> WORK ITEM
The material below has pictures in it. Set down only the lines from the line containing "Un gioco di" through the line containing "Магазин корейской косметики", word for word, and leave the pictures behind.

[RECORD EXTRACTS]

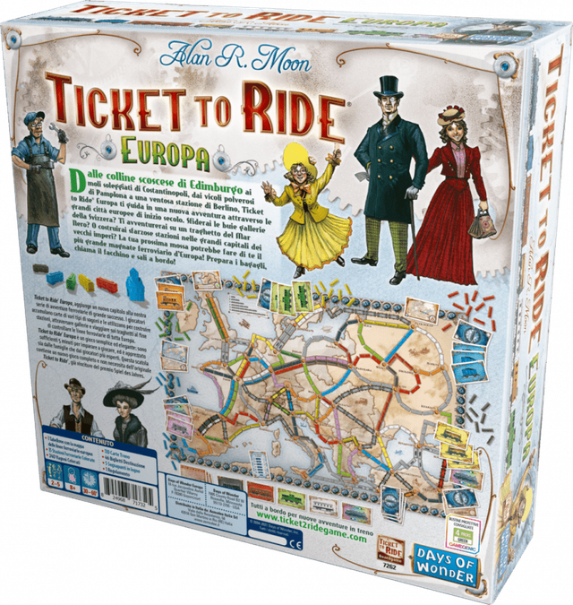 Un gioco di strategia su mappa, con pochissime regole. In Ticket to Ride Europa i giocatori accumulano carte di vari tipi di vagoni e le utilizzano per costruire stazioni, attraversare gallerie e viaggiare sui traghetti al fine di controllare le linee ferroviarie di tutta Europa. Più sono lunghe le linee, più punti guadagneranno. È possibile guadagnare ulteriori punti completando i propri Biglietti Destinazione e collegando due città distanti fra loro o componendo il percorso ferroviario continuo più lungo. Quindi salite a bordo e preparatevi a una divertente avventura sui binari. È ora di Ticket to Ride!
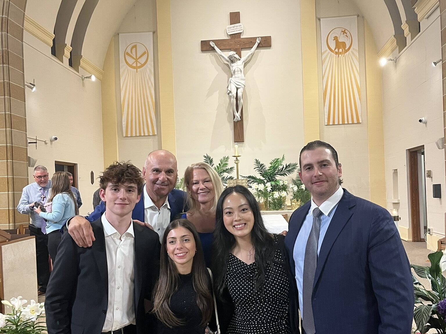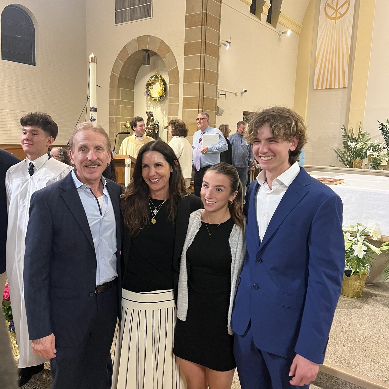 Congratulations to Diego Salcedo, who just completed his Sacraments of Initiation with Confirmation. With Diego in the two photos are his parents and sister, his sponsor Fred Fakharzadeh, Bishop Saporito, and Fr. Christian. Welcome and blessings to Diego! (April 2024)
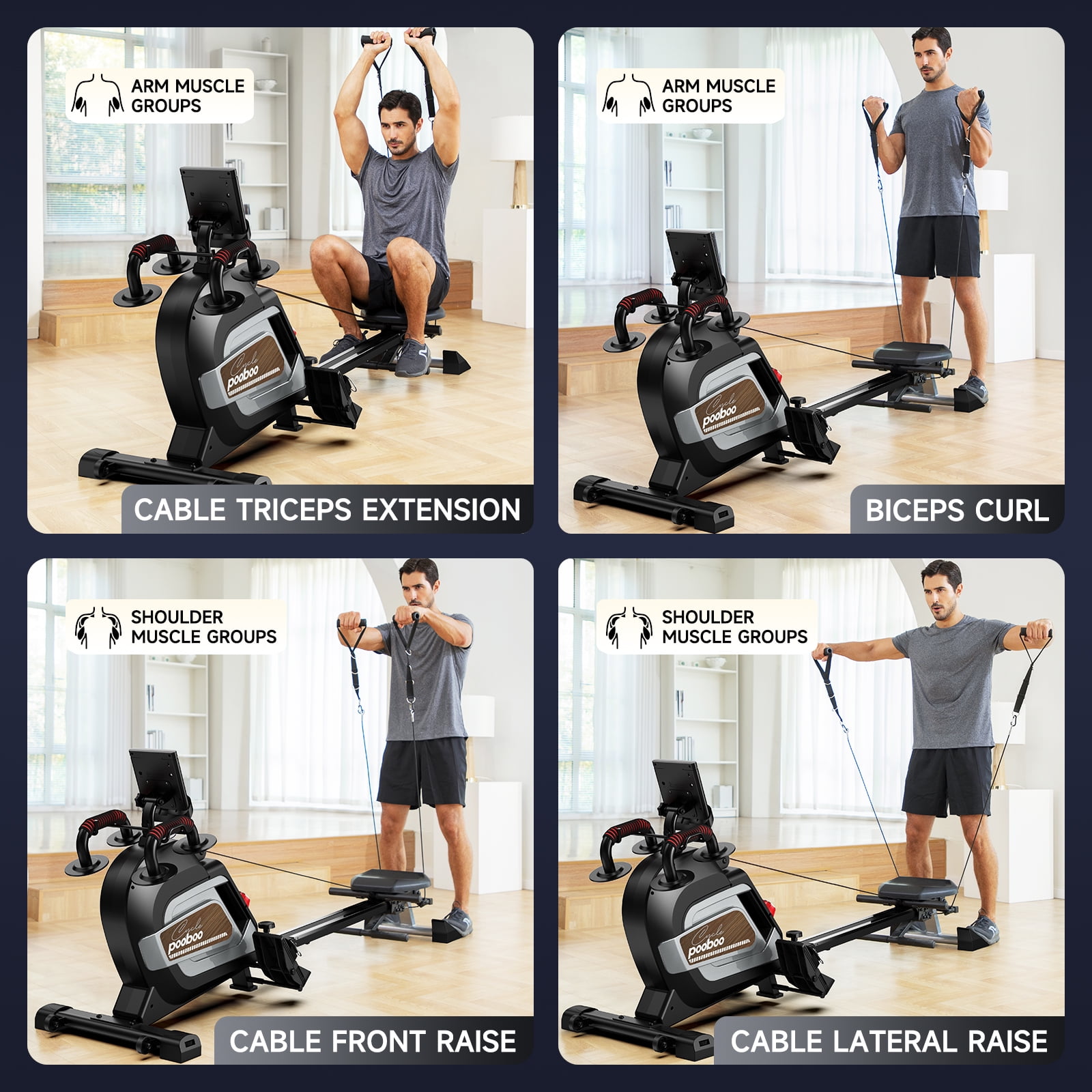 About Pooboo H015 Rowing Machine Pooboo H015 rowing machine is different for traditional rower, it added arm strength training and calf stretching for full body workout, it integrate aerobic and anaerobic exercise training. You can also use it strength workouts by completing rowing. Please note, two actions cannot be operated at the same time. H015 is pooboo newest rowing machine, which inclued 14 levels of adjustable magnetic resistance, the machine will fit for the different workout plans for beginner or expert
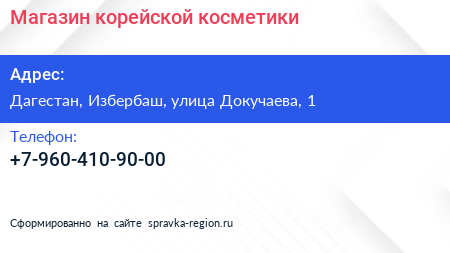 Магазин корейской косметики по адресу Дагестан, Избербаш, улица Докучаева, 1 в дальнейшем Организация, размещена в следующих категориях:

[/RECORD EXTRACTS]
[RECORD EXTRACTS]

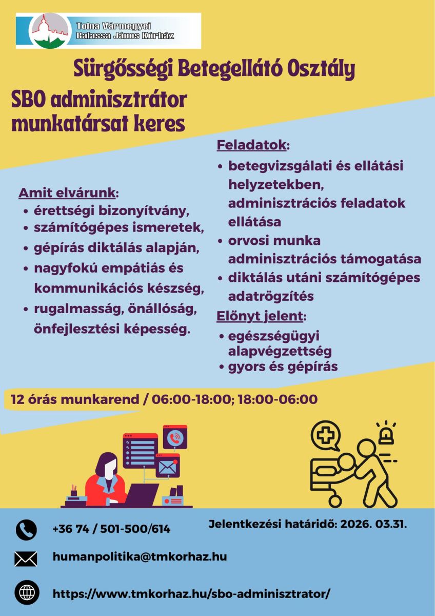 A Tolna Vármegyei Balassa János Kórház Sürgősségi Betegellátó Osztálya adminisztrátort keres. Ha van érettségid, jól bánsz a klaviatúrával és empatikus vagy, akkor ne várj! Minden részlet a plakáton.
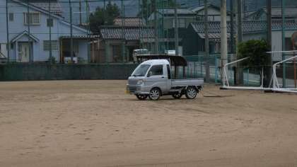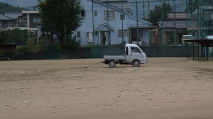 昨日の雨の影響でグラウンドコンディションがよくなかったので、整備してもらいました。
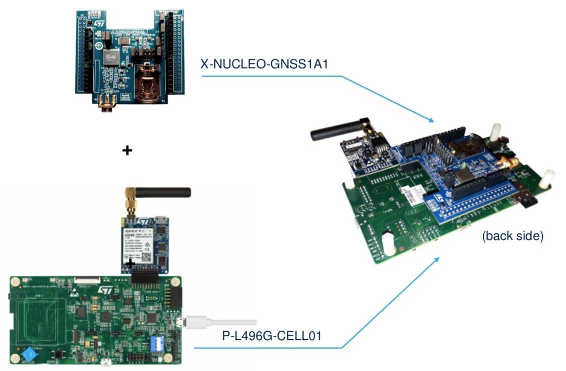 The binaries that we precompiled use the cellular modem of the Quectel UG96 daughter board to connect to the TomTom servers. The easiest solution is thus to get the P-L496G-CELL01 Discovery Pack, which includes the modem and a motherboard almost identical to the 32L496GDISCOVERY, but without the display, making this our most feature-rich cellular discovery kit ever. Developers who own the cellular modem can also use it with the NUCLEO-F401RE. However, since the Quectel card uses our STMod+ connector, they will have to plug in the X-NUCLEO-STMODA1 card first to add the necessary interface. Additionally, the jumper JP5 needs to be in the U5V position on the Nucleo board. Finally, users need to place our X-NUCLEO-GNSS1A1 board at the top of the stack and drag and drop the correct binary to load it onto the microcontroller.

[/RECORD EXTRACTS]
[RECORD EXTRACTS]

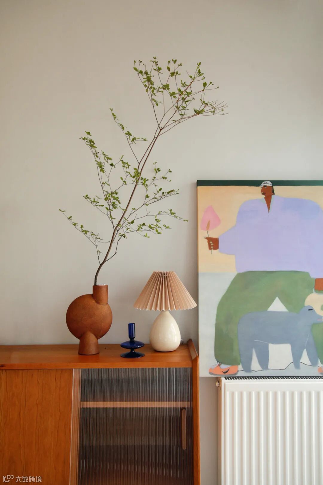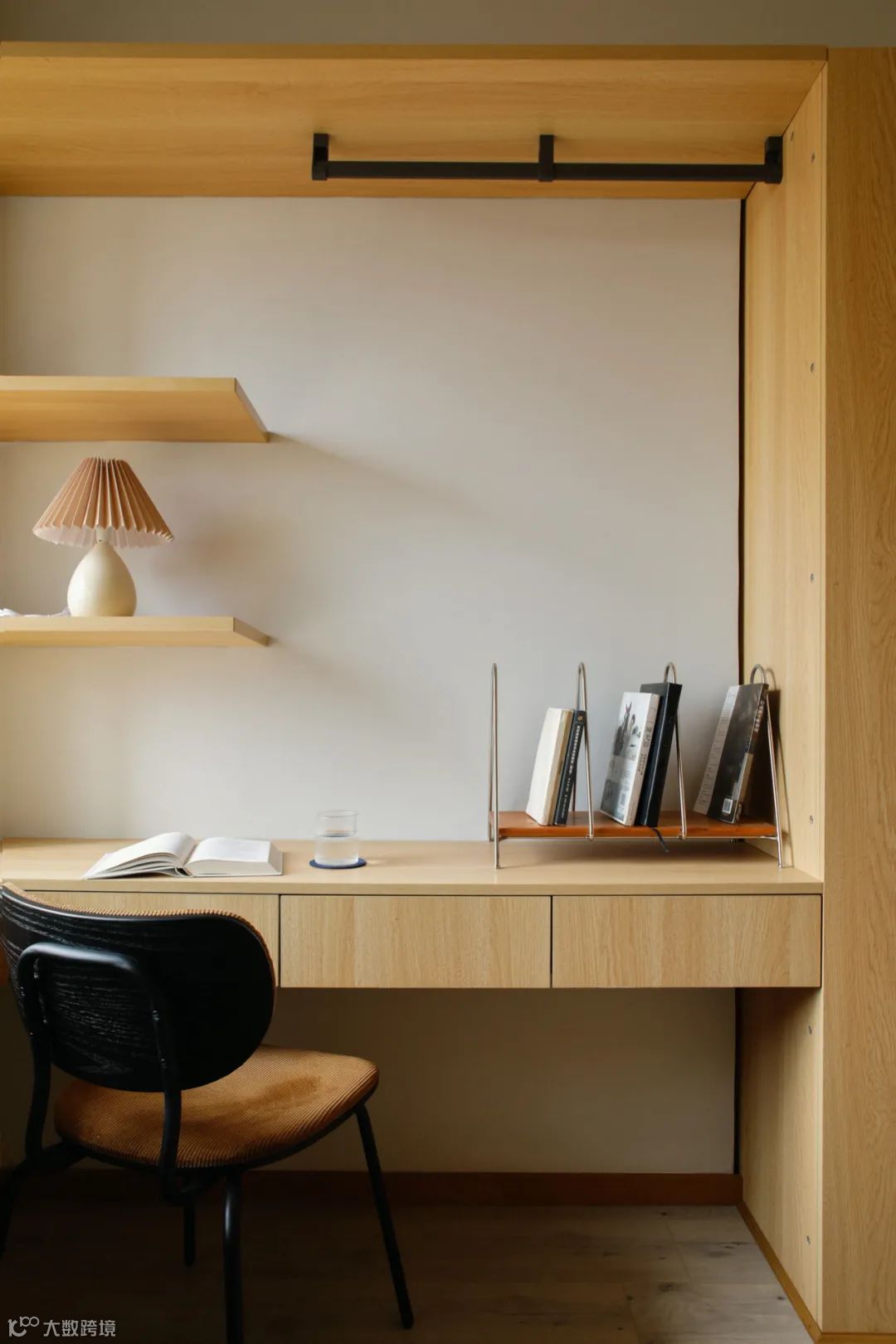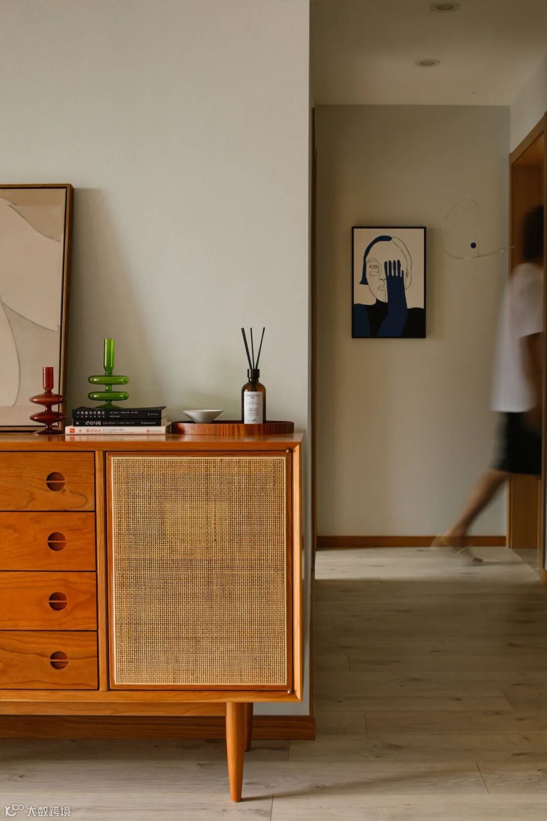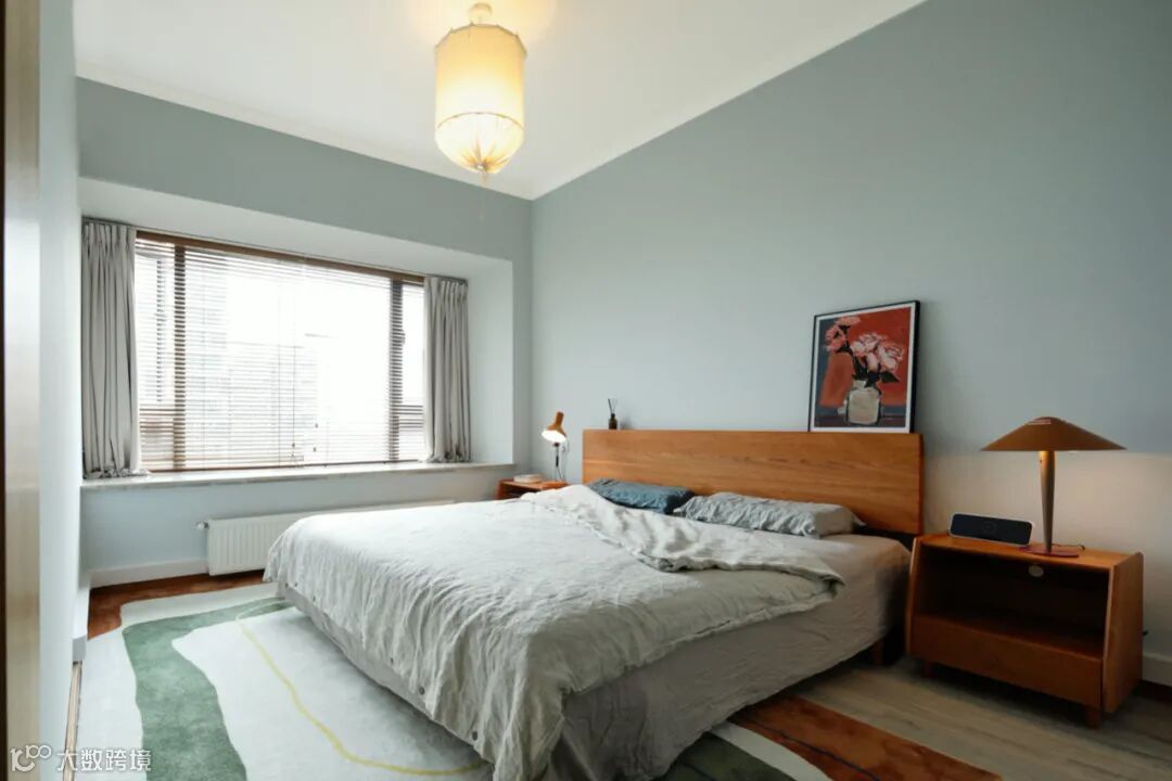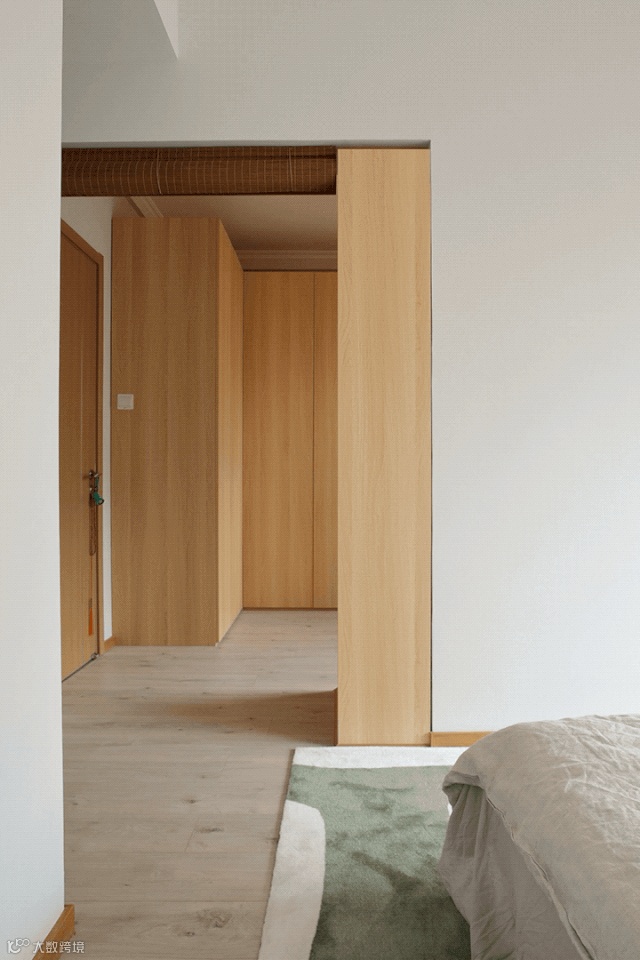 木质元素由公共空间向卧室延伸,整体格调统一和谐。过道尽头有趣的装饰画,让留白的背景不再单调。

[/RECORD EXTRACTS]

> OUTPUT OF THE TASK
 Un gioco di strategia su mappa, con pochissime regole. In Ticket to Ride Europa i giocatori accumulano carte di vari tipi di vagoni e le utilizzano per costruire stazioni, attraversare gallerie e viaggiare sui traghetti al fine di controllare le linee ferroviarie di tutta Europa. Più sono lunghe le linee, più punti guadagneranno. È possibile guadagnare ulteriori punti completando i propri Biglietti Destinazione e collegando due città distanti fra loro o componendo il percorso ferroviario continuo più lungo. Quindi salite a bordo e preparatevi a una divertente avventura sui binari. È ora di Ticket to Ride!
 Congratulations to Diego Salcedo, who just completed his Sacraments of Initiation with Confirmation. With Diego in the two photos are his parents and sister, his sponsor Fred Fakharzadeh, Bishop Saporito, and Fr. Christian. Welcome and blessings to Diego! (April 2024)
 About Pooboo H015 Rowing Machine Pooboo H015 rowing machine is different for traditional rower, it added arm strength training and calf stretching for full body workout, it integrate aerobic and anaerobic exercise training. You can also use it strength workouts by completing rowing. Please note, two actions cannot be operated at the same time. H015 is pooboo newest rowing machine, which inclued 14 levels of adjustable magnetic resistance, the machine will fit for the different workout plans for beginner or expert
 Магазин корейской косметики по адресу Дагестан, Избербаш, улица Докучаева, 1 в дальнейшем Организация, размещена в следующих категориях:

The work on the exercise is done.